15 of 172 comments (clear)

  1. reproduce sound from ancient pornography?! by Anonymous Coward · · Score: 4, Funny

    Oh wait, never mind...

    (but i swear that's what my mind picked up initially!!)

  2. Re:Yawn by evilgrug · · Score: 4, Informative

    And the National Library of Canada has had one of those units since 1992.

  3. Re:Not your grandfather's Hi-Fi by Ungrounded+Lightning · · Score: 4, Informative

    Can add some hiss to what? To the perfect Hi-Fi quality you are expected to get out of a century old phonograph?

    To the level of his that the recording itself actually contains.

    Old recordings actually did a very good job of making a record of the actual sound. But dust on and damage to the surface produced artifacts in the output signal when played with a needle.

    Optical techniques can identify the actual flat surface of the groove and ignore the artifacts. But digital approaches to performing this scan and/or encoding the result add errors from quantization and digitizer nonlinearity, which appears as added hiss - the amount depending on the resolution and quality of the converter and/or scanner.

    --
    Bantam Dominique roosters crow a four-note song. Once you've heard it as "Happy BIRTHday" you can't NOT hear it that way
  4. Hmm... by Masato · · Score: 5, Funny

    I wonder if they can help this guy?

  5. Re:Yawn by Anonymous Coward · · Score: 5, Informative
    RTFA!!!

    I don't know about the Canadian system, but the Japanese system is different, and if I understand it correctly, much less capable. The Japanese system spins the disk and replaces the mechanical stylus with two lasers, if I read the description correctly. The IRENE system takes a picture of the surface and reconstructs the groove pattern from the image. The record surface does not move. This is why IRENE can scan a record even if it is broken. In the NPR article, they describe how they input an old recording that had a broken section. They just fit the two pieces together and scanned the surface. IRENE can also scan cylinders as well as disks, which the Japanese system cannot do for mechanical reasons.

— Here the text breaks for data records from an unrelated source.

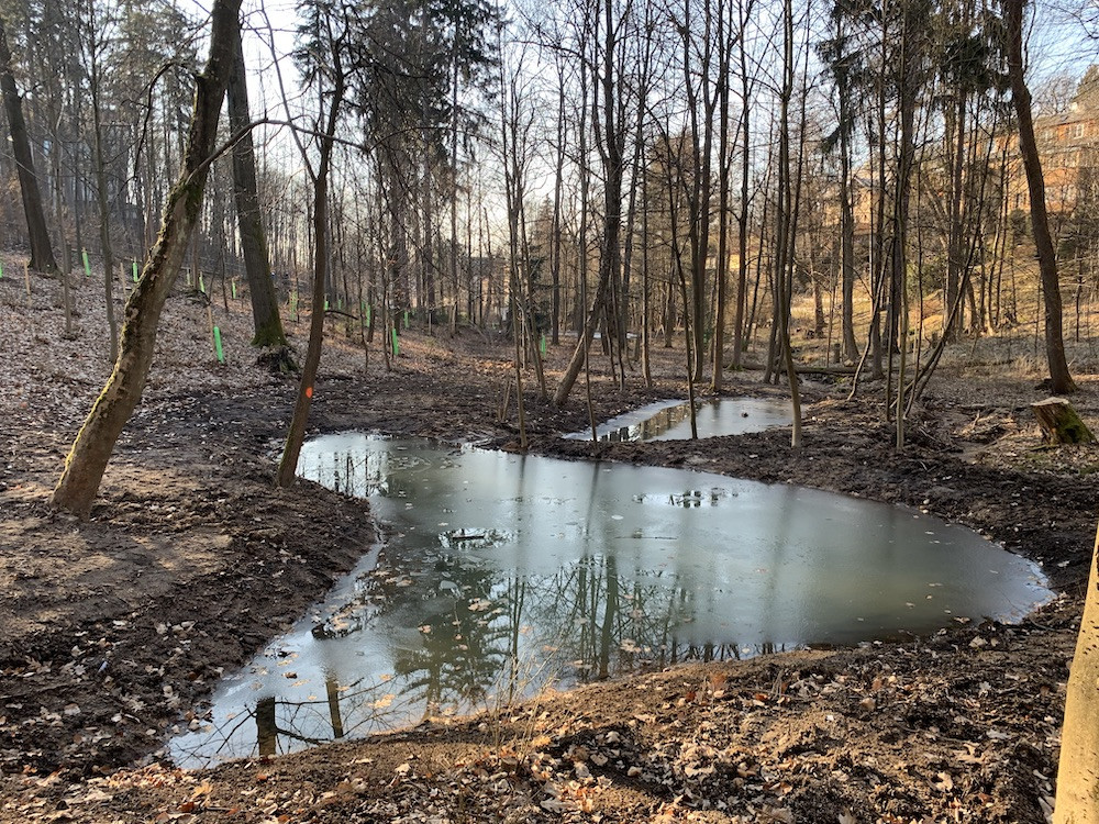 Proměna lesoparku ve Fibichově ulici. Les je prokácený, vznikly zde nové tůně
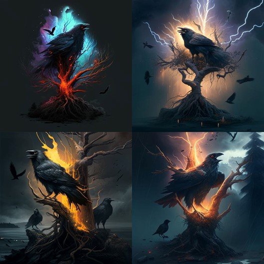For example, we entered the prompt “black lightning strikes a tree, while the world burns and two black ravens look on, so long and thanks for all the fish” into Midjourney[1]. The resulting four images were:
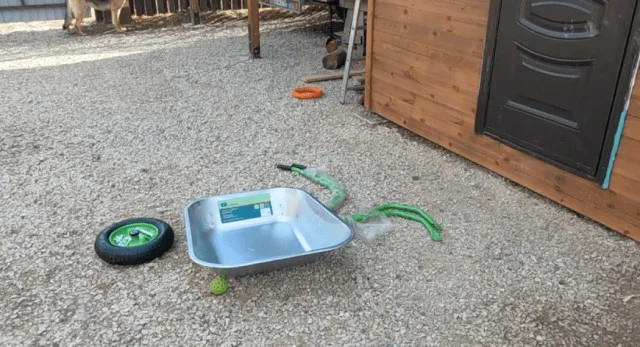 Случилось это перед высадкой газона. Тогда надо было развозить много грунта по участку, и работа растянулось на долго. Выбирал естественно один из самых бюджетных вариантов основываясь на том, что после тачка вряд ли мне где-то пригодится.
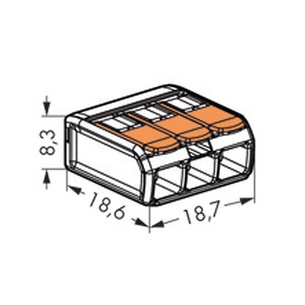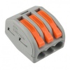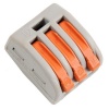 Клеммник WAGO 3 (одножильных или многожильных) х 0,08-4 мм 32A Cu [уп. 50шт] — компактный универсальный соединитель для быстрого и надежного соединения медных проводников в распределительных коробках, светильниках, щитах и клеммных отсеках оборудования. Серия 221 с рычажным зажимом позволяет подключать как одножильные, так и многожильные проводники без применения инструмента: достаточно поднять рычаг, вставить зачищенный провод и опустить рычаг до фиксации.
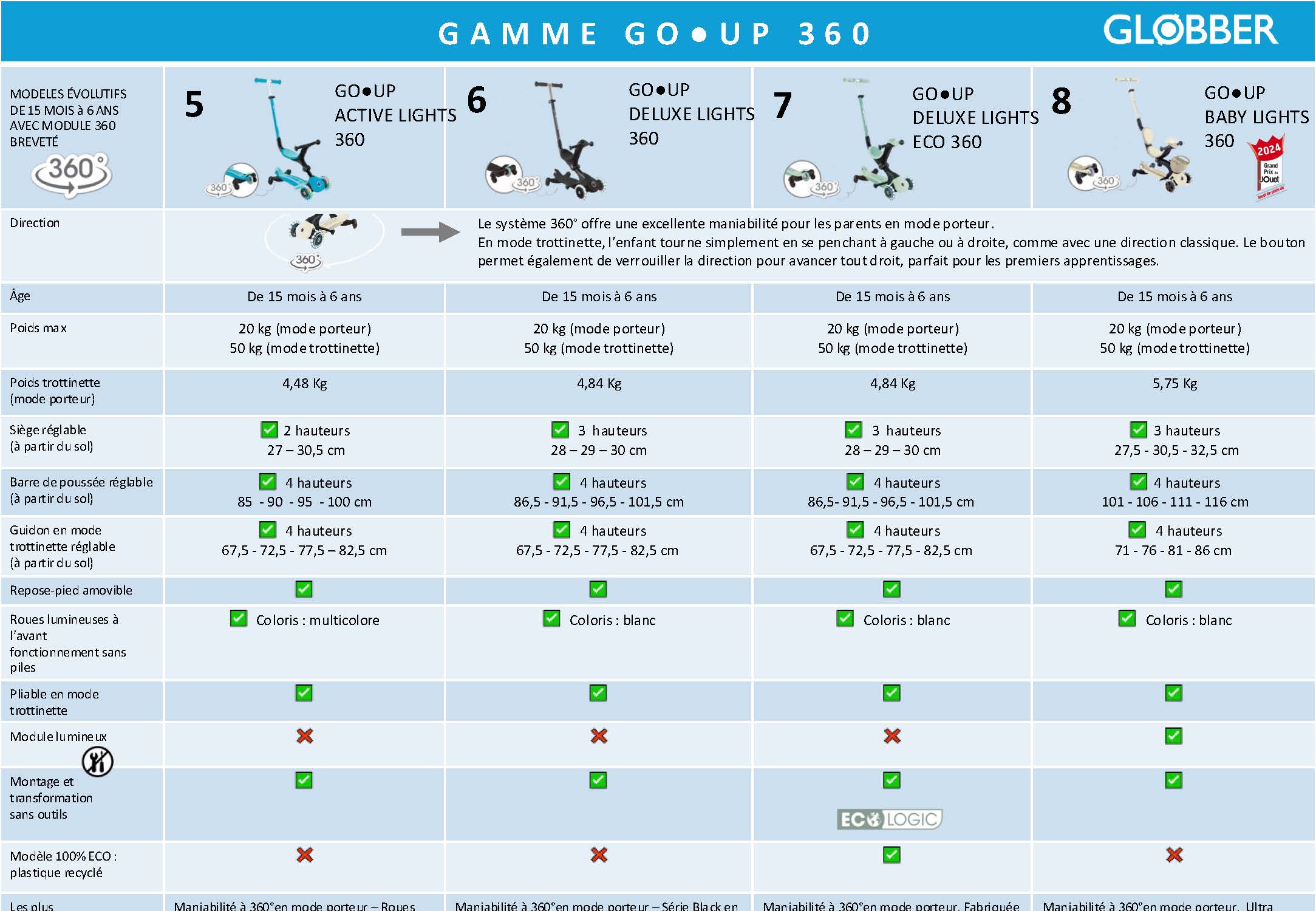 Découvrir et comparer tous les modèles de GO UP 360. Télécharger le comparatif
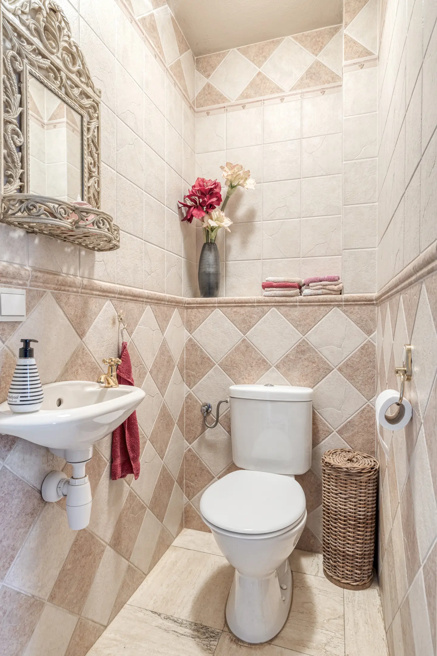 De villa beschikt over drie volwaardige slaapkamers en twee badkamers, wat zorgt voor optimaal wooncomfort voor het hele gezin of voor wie graag gasten ontvangt. De lichtrijke leefruimtes bieden een mooi zicht op de tuin en creëren een aangename verbinding tussen binnen en buiten.
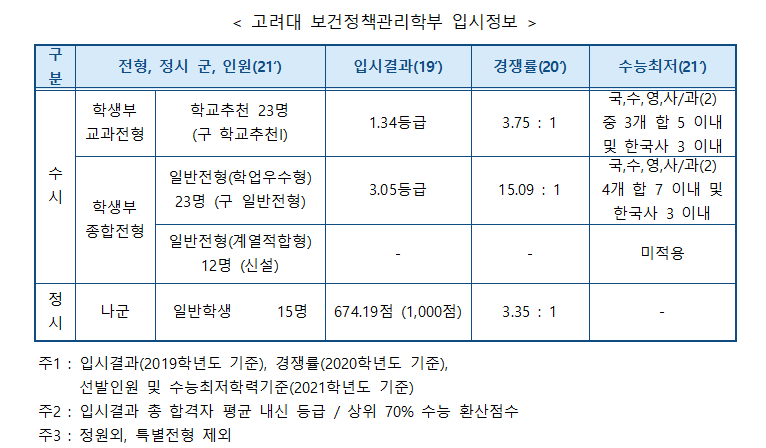 2021학년도 고려대학교 입학전형 시행계획에 의하면 보건정책관리학부는 올해 정원내(고른기회 제외) 73명을 모집합니다. 수시모집 인원이 58명으로 약 79%를 차지하며, 정시모집 인원은 15명으로 약 21% 수준입니다. 전형별로 학생부교과전형(학교추천) 23명, 학생부종합전형(일반전형-학업우수형) 23명, 학생부종합전형(일반전형-계열적합형) 12명, 정시모집에서는 ’나‘군에서 15명을 선발합니다.

    Well at least ArchieBunker lived up to his pseudonym: ignorant and proud of it. When you are incapable of reading and understanding an article, I guess you have to compensate by trying to demean creative people who do worthwhile work. Instead of yawning, Archie should stay off Slashdot and go back to watching reruns of old TV shows, where no mental activity is required.

  6. Dupe! by phantomfive · · Score: 4, Informative

    I don't know what slashdot is coming to, this is a total dupe! OK, so that story is from 2005, so what? OK, so I remember slashdot stories from two years ago. So what? Doesn't mean I don't have a life. Right? Right?
    (Actually that other story is pretty cool, has some neat pictures and goes more in depth on the technology. And theres a nice thread talking about three-grooved records).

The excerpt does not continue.